All this is fine, except that even the most sophisticated passworded and unlinked-services approach is useless if their customer service desk hands out your credentials even if whoever is trying to get in can’t answer the security questions.  Their password-reset approach almost universally relies on email to send you a temporary password, so if the attackers have hacked / accessed that account, they now own you because they’ll get to set the new password on your account, and you won’t know it.  This is what happened to Mat.

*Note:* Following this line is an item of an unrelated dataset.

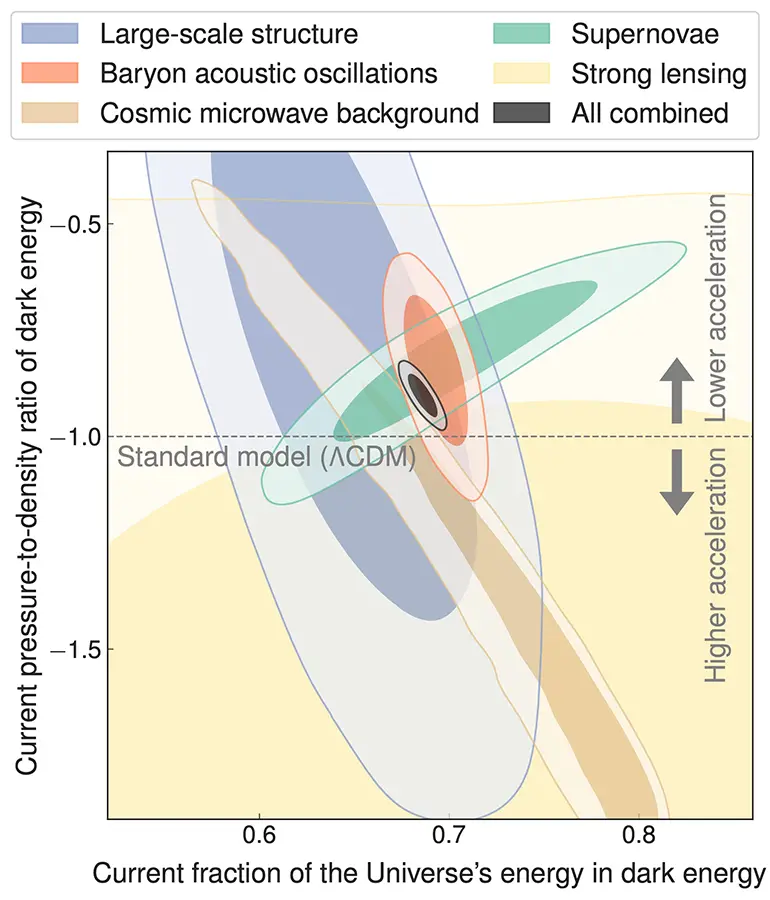 ডার্ক এনার্জি এমন জিনিস যার কারণে মহাবিশ্বের প্রসারণের হার বাড়ছে, এটা ইউনিভার্সের সবচেয়ে বড় রহস্যের একটা। বর্তমানের সবচেয়ে সমর্থিত তত্ত্বে ডার্ক এনার্জিকে ধ্রুব ধরে নেয়া হয়, এবং শূন্যস্থানের শক্তিকে বলা হয় মহাবিশ্বের ত্বরণের কারণ। কিন্তু গত বছর ডার্ক এনার্জি সার্ভে (ডেস) এবং ডার্ক এনার্জি স্পেক্ট্রোস্কপিক ইন্সট্রুমেন্ট (ডেসি) যখন ডার্ক এনার্জির বিবর্তন বা পরিবর্তনের দিকে ইঙ্গিত করে, তখন কসমোলজি কমুনিটিতে অনেক উদ্দীপনা তৈরি হয়। “এটাই হতে পারে আমাদের পাওয়া প্রথম নিদর্শন যে ডার্ক এনার্জি ১০০ বছর আগে আইনস্টাইনের বলা কসমোলজিকেল কন্সটেন্ট না, বরং অন্য রকমের এক ডায়নামিক পরিবর্তনশীল জিনিস,” বলেছেন শিকাগো বিশ্ববিদ্যালয়ে এস্ট্রোনমি ও এস্ট্রোফিজিক্সের এমেরিটাস অধ্যাপক জশ ফ্রিম্যান।
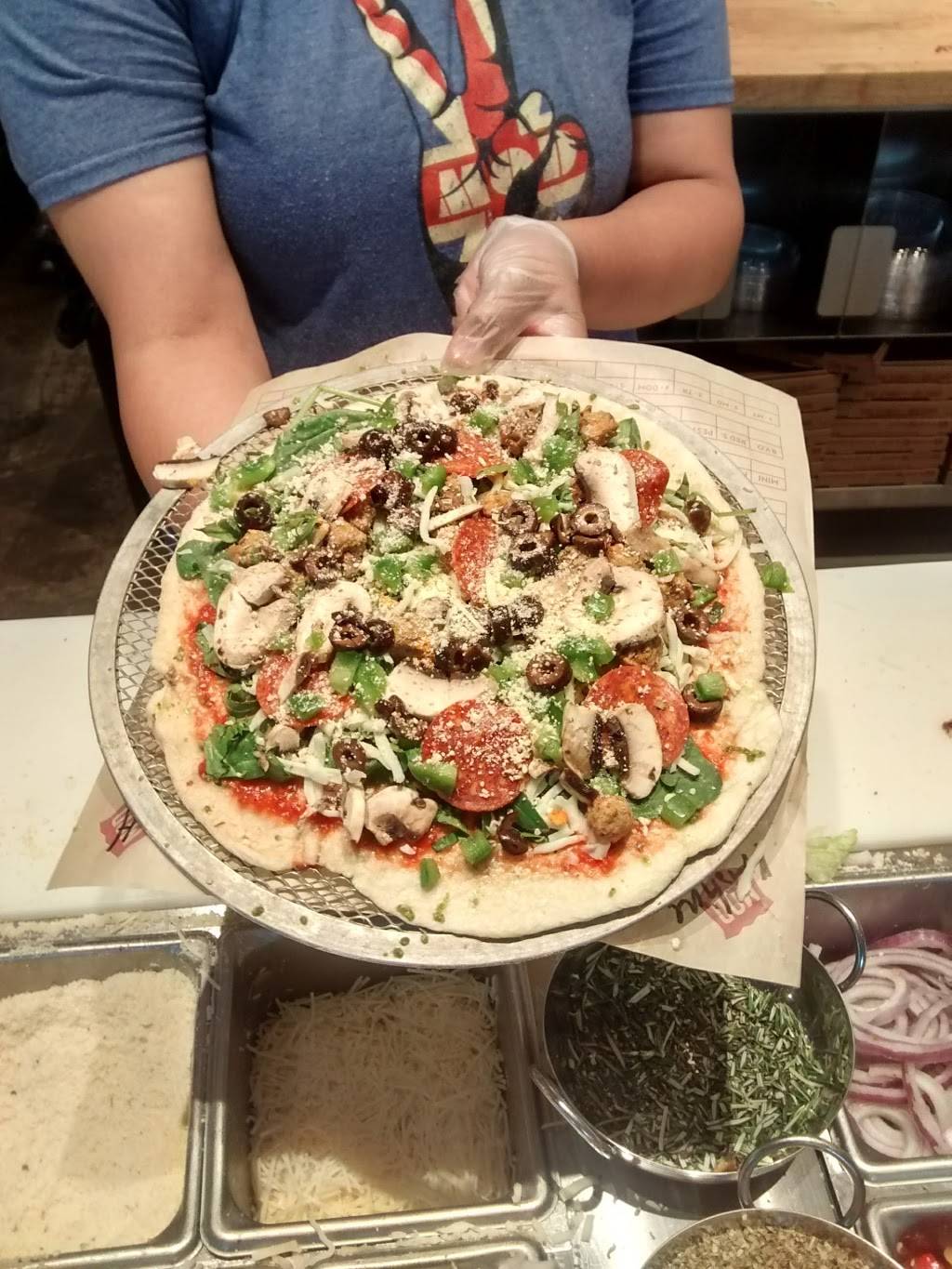 Gluten free and dairy free options! The staff are very friendly and fun when creating your pizza or salad. There are a lot of great toppings options if you want to create your own pizza, but the standard choices they have on their menu are also great. They’ve got really yummy drink options like their special lemonade.

So then, two suggestions.  First, set up an email address that you use for essentially nothing else, to receive any password resets you ever have.  This is the address that you usually give them when you register with the service.   Sign up with somebody’s email service and give your username as “duckspit491” or the like, not “yourname”.   And put a different password on it than any other of your email accounts.

Second, do not use the same ID or address prefix across all the email accounts you happen to have.  Don’t make it yourname@gmail.com andyourname@yahoo.com and yourname@facebook.com.  If you do this, if all the accounts have one prefix, the attackers just try all the other services to see if you’re using that name there too. And of course, don’t use the same password for the lot of them!  I have always done this, and I’m surprised that it’s not obvious to others that this is a good idea, but it’s not.  But now, for you, it IS a good idea, right?   Again, LastPass will manage these passwords for you so logging in won’t be a chore.


Just a few additional thoughts; if you do the above you will have already reduced your exposure by quite a bit, but here’s some more good practices:

  • Password your phone – the most likely device to be lost. Most people have their phone apps set for auto-login, so if you lose your phone you have lost 90% of your control right there.
  • Consider Gmail’s 2-factor authentication, which can tie logons to Gmail from only the devices that you personally have or use.
  • Don’t log into things you don’t have to. Google wants you to log into your browser, some other services offer that too.  Don’t.  You don’t get much benefit and they get your data. And of course a hacker will get just that little bit more leverage.

Mat Honan was in one sense extremely lucky — the hackers were out to sow chaos and destruction, not out to rob or swindle him, and indeed they didn’t.  But if that had been their intention, they could really have caused him some losses, and he wouldn’t have known where to even start looking for them.